**Task prompt**
Once the pictures are set aside, transcribe each line of the data exactly.

**Input**
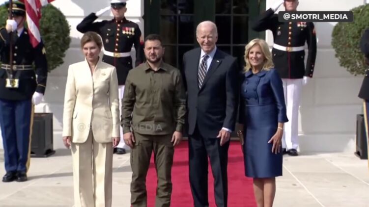 Перед будинком Білого дому Джо Байден разом зі своєю дружиною Джилл Байден зустрів Володимира та Олену Зеленських. Після чого вони потиснули один одному руки, зробили кілька спільних фотографій та попрямували до президентської резиденції.
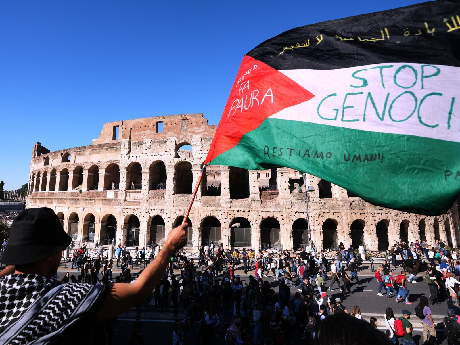 Protesters already approached the gates of Italy’s training centre in Florence last week to demand that the match not be played because of the war in Gaza — part of a national strike that saw millions of activists take to the streets.
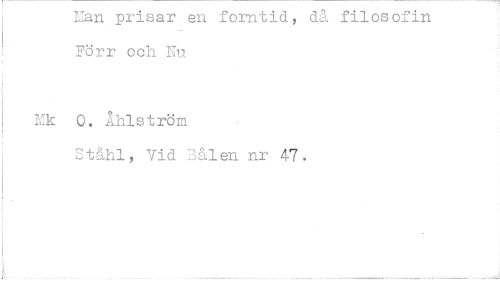 //// ran prisar en forntid, då filosofin Förr och Nu //// mk 0. Åhlström //// Ståhl, Vid 2Allen nr 47. ////
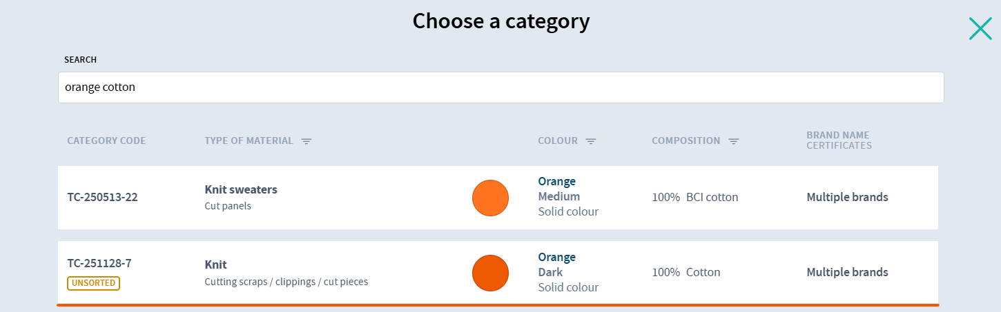- EXISTING/INTERNAL MATERIAL - Use the search to check whether a matching material category already exists in your inventory. If found, add the received waste to that category.
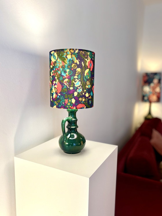 Lampenkap: De handgemaakte lampenkap van Roomlight Studio is bekleed met hoogwaardige meubelstof. Het expressieve, kleurrijke patroon zorgt voor een bijzonder warm en levendig lichteffect wanneer de lamp brandt – een opvallend contrast met de serene, diepgroene vaas.
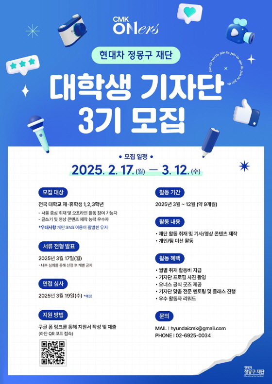 현대차 정몽구 재단 대학생 기자단(CMK ONers) 3기 모집 접수기간2025.02.17 ~ 2025.03.12 D+389 종료 참가자격 대학(원)생/청년 주최현대차 정몽구 재단 1등상금(상품)기타 홈페이지 바로가기 첨부파일 다운로드 유의사항 ※본 내용은 참고 자료로 내용의 오류와 변동에 대해 책임지지 않습니다. (오류 및 변동 신고는 상단의 '제안/오류' 신고를 통해 해주십시오.) ※주최사 사정에 따라 일정 및 내용이 변경될 수 있으니 주최사 홈페이지 등을 통해 관련 안내를 수시로 확인하시기 바랍니다. 상세내용 ■ 제목현대차 정몽구 재단 대학생 기자단(CMK ONers) 3기 모집 ■ 개요현대차 정몽구 재단에서 대학생 기자단 CMK ONers(오너스 기자단) 3기를 모집합니다.오너스 기자단은 지속가능한 미래를 위한 재단의 다양한 사업을 기자단의 시각으로보다 쉽고 친숙하게 전달하고, 현장에서 만나는 다양한 사람들의 이야기를 소개할 예정입니다.미래의 언론인과 홍보인을 꿈꾸는 대학생 여러분의 많은 관심과 지원을 기다립니다. ■ 기간- 모집 일정: 2025년 2월 17일(월) ~ 3월 12일(수) - 서류 전형 발표: 2025년 3월 17일(월), 내부 심의를 통해 선정 후 개별 공지- 면접 심사: 2025년 3월 19일(수) 예정- 활동 기간 : 2025년 4월 ~ 12월 (약 9개월) ■ 참가자격전국 대학교 재•휴학생 1, 2, 3학년- 서울 중심 취재 및 오프라인 활동 참여 가능자- 글쓰기 및 영상 콘텐츠 제작 능력 우수자- 우대사항: 개인 SNS 이용히 활발한 유저 ■ 활동내용- 재단 활동 취재 및 기사/영상 콘텐츠 제작- 개인/팀 미션 활동 ■ 지원방법- '구글 폼’ 링크를 통해 지원서 작성 및 제출- 지원하기: https://forms.gle/jWBrN4KYcTDiVDWy6 ■ 참여 혜택- 월별 취재 활동비 지급 - 기자단 프로필 사진 촬영- 오너스 공식 굿즈 제공 - 기자단 맞춤 전문 멘토링 및 클래스 진행- 우수 활동자 리워드 ■ 문의- 메일 hyundaicmk@gmail.com- 전화 02-6925-0034 목록

**Answer for the task**
 Перед будинком Білого дому Джо Байден разом зі своєю дружиною Джилл Байден зустрів Володимира та Олену Зеленських. Після чого вони потиснули один одному руки, зробили кілька спільних фотографій та попрямували до президентської резиденції.
 Protesters already approached the gates of Italy’s training centre in Florence last week to demand that the match not be played because of the war in Gaza — part of a national strike that saw millions of activists take to the streets.
 //// ran prisar en forntid, då filosofin Förr och Nu //// mk 0. Åhlström //// Ståhl, Vid 2Allen nr 47. ////
- EXISTING/INTERNAL MATERIAL - Use the search to check whether a matching material category already exists in your inventory. If found, add the received waste to that category.
 Lampenkap: De handgemaakte lampenkap van Roomlight Studio is bekleed met hoogwaardige meubelstof. Het expressieve, kleurrijke patroon zorgt voor een bijzonder warm en levendig lichteffect wanneer de lamp brandt – een opvallend contrast met de serene, diepgroene vaas.
 현대차 정몽구 재단 대학생 기자단(CMK ONers) 3기 모집 접수기간2025.02.17 ~ 2025.03.12 D+389 종료 참가자격 대학(원)생/청년 주최현대차 정몽구 재단 1등상금(상품)기타 홈페이지 바로가기 첨부파일 다운로드 유의사항 ※본 내용은 참고 자료로 내용의 오류와 변동에 대해 책임지지 않습니다. (오류 및 변동 신고는 상단의 '제안/오류' 신고를 통해 해주십시오.) ※주최사 사정에 따라 일정 및 내용이 변경될 수 있으니 주최사 홈페이지 등을 통해 관련 안내를 수시로 확인하시기 바랍니다. 상세내용 ■ 제목현대차 정몽구 재단 대학생 기자단(CMK ONers) 3기 모집 ■ 개요현대차 정몽구 재단에서 대학생 기자단 CMK ONers(오너스 기자단) 3기를 모집합니다.오너스 기자단은 지속가능한 미래를 위한 재단의 다양한 사업을 기자단의 시각으로보다 쉽고 친숙하게 전달하고, 현장에서 만나는 다양한 사람들의 이야기를 소개할 예정입니다.미래의 언론인과 홍보인을 꿈꾸는 대학생 여러분의 많은 관심과 지원을 기다립니다. ■ 기간- 모집 일정: 2025년 2월 17일(월) ~ 3월 12일(수) - 서류 전형 발표: 2025년 3월 17일(월), 내부 심의를 통해 선정 후 개별 공지- 면접 심사: 2025년 3월 19일(수) 예정- 활동 기간 : 2025년 4월 ~ 12월 (약 9개월) ■ 참가자격전국 대학교 재•휴학생 1, 2, 3학년- 서울 중심 취재 및 오프라인 활동 참여 가능자- 글쓰기 및 영상 콘텐츠 제작 능력 우수자- 우대사항: 개인 SNS 이용히 활발한 유저 ■ 활동내용- 재단 활동 취재 및 기사/영상 콘텐츠 제작- 개인/팀 미션 활동 ■ 지원방법- '구글 폼’ 링크를 통해 지원서 작성 및 제출- 지원하기: https://forms.gle/jWBrN4KYcTDiVDWy6 ■ 참여 혜택- 월별 취재 활동비 지급 - 기자단 프로필 사진 촬영- 오너스 공식 굿즈 제공 - 기자단 맞춤 전문 멘토링 및 클래스 진행- 우수 활동자 리워드 ■ 문의- 메일 hyundaicmk@gmail.com- 전화 02-6925-0034 목록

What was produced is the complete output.